西亚试剂：The N-terminal nucleophile serine of cephalosporin acylase

The N-terminal nucleophile serine of cephalosporin acylase executes the second autoproteolytic cleavage and Acyl-peptide hydrolysis

Jun Yin, Zixin Deng, Guoping Zhao and Xi Huang

Cephalosporin acylase precursor is translated as a single polypeptide chain and folds into a self-activating pre-protein. Activation requires two peptide bond cleavages that excise an internal spacer to form the mature αβ heterodimer. Using Q-TOF LC/MS, we located the second cleavage site between E159 and G160, and detected the corresponding 10 aa spacer G160DPPDLADQG169 of CA mutants. The site of the second cleavage depended on E159: moving E into the spacer or removing 5-10 residues from the spacer sequence resulted in shorter spacers with the cleavage at the carboxylic side of E. The mutant E159D was cleaved more slowly than the wild-type CA, as were the two mutants G160A and G160L. This allowed kinetic measurements showing that the second cleavage reaction was a first-order, intra-molecular process.

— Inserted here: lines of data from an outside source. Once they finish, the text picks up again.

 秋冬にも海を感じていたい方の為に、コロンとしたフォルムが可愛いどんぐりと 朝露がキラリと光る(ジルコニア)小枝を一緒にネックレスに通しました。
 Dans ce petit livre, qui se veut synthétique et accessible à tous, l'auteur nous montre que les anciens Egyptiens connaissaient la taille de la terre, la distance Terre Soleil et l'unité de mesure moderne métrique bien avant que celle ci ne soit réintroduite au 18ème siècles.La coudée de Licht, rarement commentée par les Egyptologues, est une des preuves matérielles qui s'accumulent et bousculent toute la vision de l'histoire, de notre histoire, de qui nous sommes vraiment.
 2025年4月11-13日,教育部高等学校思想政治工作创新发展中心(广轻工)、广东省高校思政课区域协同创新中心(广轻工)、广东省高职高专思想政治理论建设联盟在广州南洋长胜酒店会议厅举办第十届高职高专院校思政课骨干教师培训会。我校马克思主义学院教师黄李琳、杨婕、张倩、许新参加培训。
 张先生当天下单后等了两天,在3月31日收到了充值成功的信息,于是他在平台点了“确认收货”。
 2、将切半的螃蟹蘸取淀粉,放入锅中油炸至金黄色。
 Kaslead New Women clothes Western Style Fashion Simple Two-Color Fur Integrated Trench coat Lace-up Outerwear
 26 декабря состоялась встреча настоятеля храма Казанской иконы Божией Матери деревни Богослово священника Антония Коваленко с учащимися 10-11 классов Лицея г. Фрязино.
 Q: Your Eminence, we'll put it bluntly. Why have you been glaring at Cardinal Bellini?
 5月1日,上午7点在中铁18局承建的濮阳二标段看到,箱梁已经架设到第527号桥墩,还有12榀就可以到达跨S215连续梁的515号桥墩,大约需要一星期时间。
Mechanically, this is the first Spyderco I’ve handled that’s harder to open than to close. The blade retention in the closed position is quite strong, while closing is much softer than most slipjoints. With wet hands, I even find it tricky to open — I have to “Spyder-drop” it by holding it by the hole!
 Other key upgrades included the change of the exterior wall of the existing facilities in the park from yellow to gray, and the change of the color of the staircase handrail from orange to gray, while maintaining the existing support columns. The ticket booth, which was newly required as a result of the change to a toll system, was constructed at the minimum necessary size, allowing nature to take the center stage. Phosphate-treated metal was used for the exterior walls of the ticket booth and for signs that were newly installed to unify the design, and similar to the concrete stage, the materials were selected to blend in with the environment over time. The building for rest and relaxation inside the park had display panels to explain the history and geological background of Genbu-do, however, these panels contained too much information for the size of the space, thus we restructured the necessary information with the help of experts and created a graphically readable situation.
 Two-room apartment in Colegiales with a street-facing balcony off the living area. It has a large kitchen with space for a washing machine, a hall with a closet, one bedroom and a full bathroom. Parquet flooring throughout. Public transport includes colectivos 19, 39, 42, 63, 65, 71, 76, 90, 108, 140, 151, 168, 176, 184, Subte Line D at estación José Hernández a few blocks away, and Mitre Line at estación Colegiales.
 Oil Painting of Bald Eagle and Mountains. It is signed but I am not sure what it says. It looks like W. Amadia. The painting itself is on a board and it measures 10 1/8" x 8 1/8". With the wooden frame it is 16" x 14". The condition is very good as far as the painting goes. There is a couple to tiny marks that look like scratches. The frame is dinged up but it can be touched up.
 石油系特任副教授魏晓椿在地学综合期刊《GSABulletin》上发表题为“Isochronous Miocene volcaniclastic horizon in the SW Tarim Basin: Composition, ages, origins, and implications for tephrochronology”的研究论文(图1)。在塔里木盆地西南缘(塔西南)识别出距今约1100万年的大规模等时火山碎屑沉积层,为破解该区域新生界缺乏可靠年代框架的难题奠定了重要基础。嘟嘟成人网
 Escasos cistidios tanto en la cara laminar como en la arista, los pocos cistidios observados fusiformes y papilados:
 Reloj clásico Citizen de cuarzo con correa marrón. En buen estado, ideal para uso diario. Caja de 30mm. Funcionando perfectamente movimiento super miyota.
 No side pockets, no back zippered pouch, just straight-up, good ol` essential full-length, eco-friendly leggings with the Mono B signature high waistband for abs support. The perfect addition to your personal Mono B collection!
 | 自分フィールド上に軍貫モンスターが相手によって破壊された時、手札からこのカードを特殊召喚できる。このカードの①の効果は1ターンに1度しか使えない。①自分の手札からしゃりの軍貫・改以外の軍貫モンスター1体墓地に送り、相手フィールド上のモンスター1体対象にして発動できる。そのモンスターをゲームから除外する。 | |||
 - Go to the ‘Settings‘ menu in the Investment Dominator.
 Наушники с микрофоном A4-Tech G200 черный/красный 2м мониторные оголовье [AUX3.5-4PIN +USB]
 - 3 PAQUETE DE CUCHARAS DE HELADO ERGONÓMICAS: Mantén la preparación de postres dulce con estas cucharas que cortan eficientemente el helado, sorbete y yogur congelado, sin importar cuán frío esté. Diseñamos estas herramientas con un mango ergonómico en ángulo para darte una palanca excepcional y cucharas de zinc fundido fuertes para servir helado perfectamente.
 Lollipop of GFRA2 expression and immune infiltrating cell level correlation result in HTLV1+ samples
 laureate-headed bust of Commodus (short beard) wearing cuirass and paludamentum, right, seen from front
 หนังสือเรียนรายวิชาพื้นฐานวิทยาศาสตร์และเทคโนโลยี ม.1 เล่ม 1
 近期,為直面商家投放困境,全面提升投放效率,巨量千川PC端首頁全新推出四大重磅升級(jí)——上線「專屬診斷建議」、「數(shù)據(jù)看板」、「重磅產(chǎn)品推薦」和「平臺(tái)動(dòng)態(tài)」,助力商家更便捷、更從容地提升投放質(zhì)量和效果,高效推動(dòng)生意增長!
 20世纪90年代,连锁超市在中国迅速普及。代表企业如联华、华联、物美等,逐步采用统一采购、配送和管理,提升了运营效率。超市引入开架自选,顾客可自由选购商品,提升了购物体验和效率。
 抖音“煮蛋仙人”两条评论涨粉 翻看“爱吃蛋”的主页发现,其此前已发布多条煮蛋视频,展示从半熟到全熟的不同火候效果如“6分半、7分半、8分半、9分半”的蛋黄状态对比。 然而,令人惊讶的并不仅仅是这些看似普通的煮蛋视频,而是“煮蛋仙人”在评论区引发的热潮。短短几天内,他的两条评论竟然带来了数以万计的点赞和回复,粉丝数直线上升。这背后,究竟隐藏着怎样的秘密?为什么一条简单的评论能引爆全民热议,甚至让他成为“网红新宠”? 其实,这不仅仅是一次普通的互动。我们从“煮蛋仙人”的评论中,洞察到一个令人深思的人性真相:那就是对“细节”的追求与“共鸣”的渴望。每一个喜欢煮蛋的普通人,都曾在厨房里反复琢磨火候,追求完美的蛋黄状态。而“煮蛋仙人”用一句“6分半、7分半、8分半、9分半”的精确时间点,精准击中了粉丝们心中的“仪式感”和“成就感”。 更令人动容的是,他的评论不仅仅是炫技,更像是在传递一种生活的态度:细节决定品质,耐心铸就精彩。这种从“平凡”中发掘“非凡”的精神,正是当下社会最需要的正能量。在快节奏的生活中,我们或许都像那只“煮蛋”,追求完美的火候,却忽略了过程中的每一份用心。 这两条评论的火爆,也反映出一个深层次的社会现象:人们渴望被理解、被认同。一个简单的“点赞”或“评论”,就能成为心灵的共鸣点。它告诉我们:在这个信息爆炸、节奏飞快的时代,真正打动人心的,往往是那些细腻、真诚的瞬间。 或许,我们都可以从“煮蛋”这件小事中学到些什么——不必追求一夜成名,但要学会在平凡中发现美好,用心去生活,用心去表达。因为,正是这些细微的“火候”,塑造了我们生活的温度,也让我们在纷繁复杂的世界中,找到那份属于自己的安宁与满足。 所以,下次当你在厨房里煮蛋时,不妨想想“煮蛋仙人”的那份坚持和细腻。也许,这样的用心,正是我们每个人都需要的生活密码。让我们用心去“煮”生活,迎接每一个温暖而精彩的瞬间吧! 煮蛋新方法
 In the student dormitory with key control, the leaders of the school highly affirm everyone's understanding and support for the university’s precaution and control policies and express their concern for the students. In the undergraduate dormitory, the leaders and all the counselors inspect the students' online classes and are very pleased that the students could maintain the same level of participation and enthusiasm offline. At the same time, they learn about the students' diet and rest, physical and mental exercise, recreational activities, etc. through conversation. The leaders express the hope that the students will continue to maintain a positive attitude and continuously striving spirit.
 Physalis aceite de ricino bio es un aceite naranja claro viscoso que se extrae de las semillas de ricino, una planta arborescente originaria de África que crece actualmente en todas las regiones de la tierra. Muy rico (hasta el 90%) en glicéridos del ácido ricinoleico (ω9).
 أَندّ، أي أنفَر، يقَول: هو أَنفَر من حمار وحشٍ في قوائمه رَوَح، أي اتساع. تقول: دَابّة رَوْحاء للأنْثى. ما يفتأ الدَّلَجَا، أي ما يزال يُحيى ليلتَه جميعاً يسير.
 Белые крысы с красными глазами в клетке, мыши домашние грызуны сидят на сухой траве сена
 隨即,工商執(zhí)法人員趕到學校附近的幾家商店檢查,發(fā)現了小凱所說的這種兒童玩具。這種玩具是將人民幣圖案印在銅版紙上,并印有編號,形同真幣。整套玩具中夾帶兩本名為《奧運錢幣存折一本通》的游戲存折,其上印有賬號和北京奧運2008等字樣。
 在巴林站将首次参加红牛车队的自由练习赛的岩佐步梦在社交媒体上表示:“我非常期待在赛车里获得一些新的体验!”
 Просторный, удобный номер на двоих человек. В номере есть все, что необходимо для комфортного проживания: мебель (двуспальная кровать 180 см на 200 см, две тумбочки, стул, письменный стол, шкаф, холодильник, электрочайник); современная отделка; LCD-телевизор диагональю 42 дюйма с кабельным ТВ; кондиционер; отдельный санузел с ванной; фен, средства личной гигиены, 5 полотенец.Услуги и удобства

Glutaryl-7-amino-cephalosporanic acid (Gl-7-ACA) is the classic substrate of CA, in which the N-terminal S170 of the β-subunit, is the nucleophile. E and D resemble glutaryl, suggesting that CA might also remove N-terminal E or D from peptides. This was indeed the case, suggesting that the N-terminal nucleophile (Ntn) also performed the second proteolytic cleavage. We also found that CA is an acyl-peptide hydrolase rather than a previously expected acyl-amino acid acylase. It only exhibited exopeptidase activity for the hydrolysis of an externally added peptide, supporting the intra-molecular interaction. We propose that the final CA activation is an intra-molecular process performed by an Ntn mechanism, during which large conformational changes in the α-subunit C-terminal region are required to bridge the gap between E159 and S170.